Arvin mengangguk. “Why?”
Laura menggeleng. “Gapapa.”
“Ck! Bener kata temen gue.” Arvin berdecak sebal. “Cewek kalo ditanya kenapa, pasti jawabnya gapapa, padahal kenapa-napa kan lo?”
Laura tampak cengengesan. “Gue seriuss! Look me! Gaada lecet sedikitpun!”
Arvin menaikan sebelah alisnya sambil tersenyum meremehkan. Dengan berani, ia menarik dagu Laura.

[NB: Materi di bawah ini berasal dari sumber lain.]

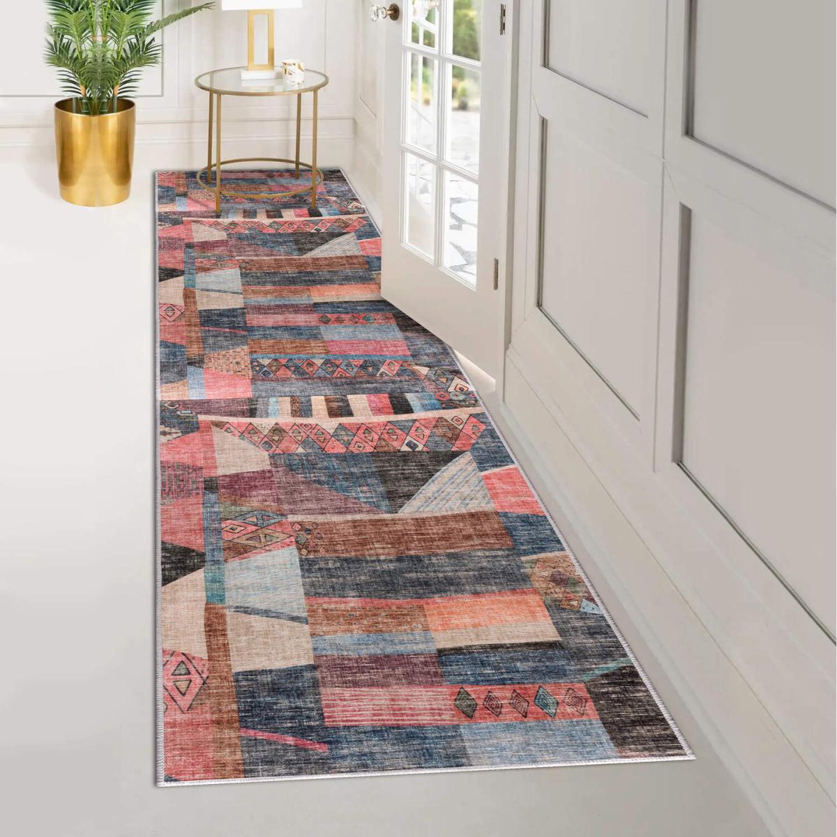 Vernal Colaj Blue, Pink, and Beige Machine Washable Rug - Blue, Pink, and Beige / 243cm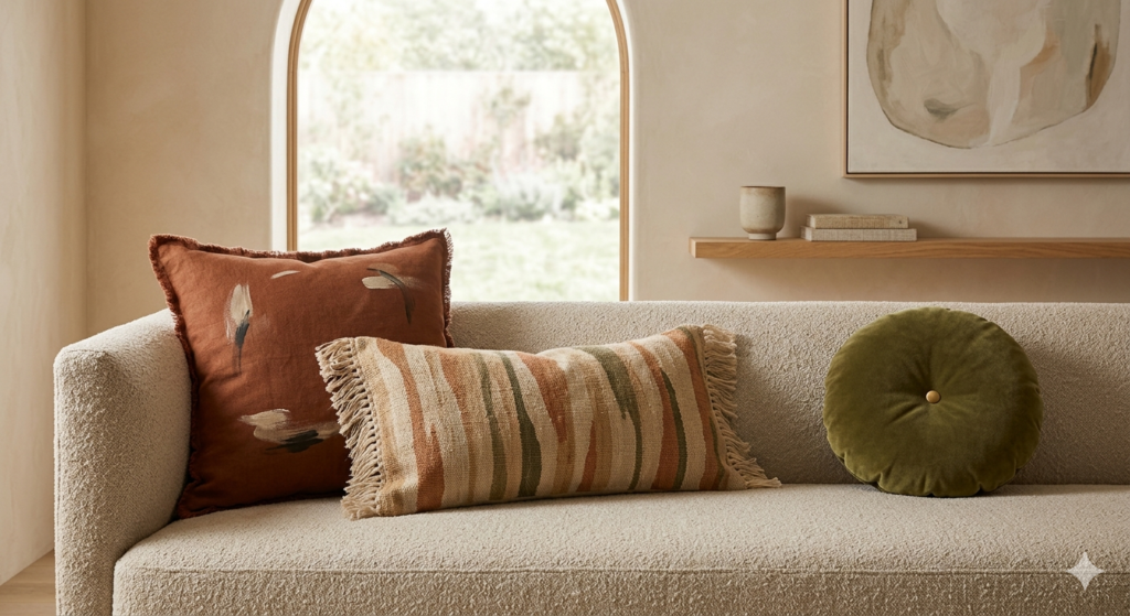- Embrace Color Mixing: Don’t be afraid to pull multiple contrasting colors into your scheme. Choose an anchor color (like the blue from the round pillow) and then layer in complementary, unexpected hues.

Menemukan bekas merah yang membiru di leher cewek itu. “Leher lo membiru, bukan lecet sih, tapi tetep aja lo kenapa-napa kan?”
Laura mati kutu. Ia mengumpat dalam hati. Mengapa harus pura-pura sok kuat sih di depan cowok itu? Ini bukan dirinya! Dirinya adalah seseorang yang selalu mengatakan apa yang ia rasakan.
“Yaudah iya, leher gue sakit. Gitu doang sebenernya.” Laura mulai menjawab khas caranya. Selengean.
“Yain. Emang apa alesan lo bisa nekat ngelakuin hal kayak gitu?” Arvin tau dia sudah mulai memasuki pembahasan sensitif. Tapi, sudah kebiasaannya menanyakan banyak hal kepada orang yang membuatnya penasaran. Ia sangat kepoan.
Laura tertegun. Tiba-tiba matanya memanas. Ia mulai menangis. “G-gue, mimpi...” Katanya lirih.